Copy exactly the lines of the data below that run from the line holding "第八屆中國法學(xué)青年論壇榮譽(yù)證書封面" through the line holding "熟年ソープ職人の技のもと大釜", both ends included.

:: Record extracts ::

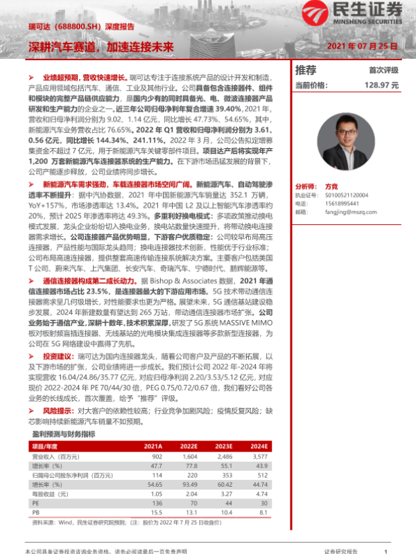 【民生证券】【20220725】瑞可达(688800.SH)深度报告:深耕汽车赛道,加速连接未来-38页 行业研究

:::
:: Record extracts ::

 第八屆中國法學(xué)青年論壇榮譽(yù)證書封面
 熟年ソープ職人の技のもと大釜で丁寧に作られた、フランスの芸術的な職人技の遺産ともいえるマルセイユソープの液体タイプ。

:::

- [Output of the task]
 第八屆中國法學(xué)青年論壇榮譽(yù)證書封面
 熟年ソープ職人の技のもと大釜で丁寧に作られた、フランスの芸術的な職人技の遺産ともいえるマルセイユソープの液体タイプ。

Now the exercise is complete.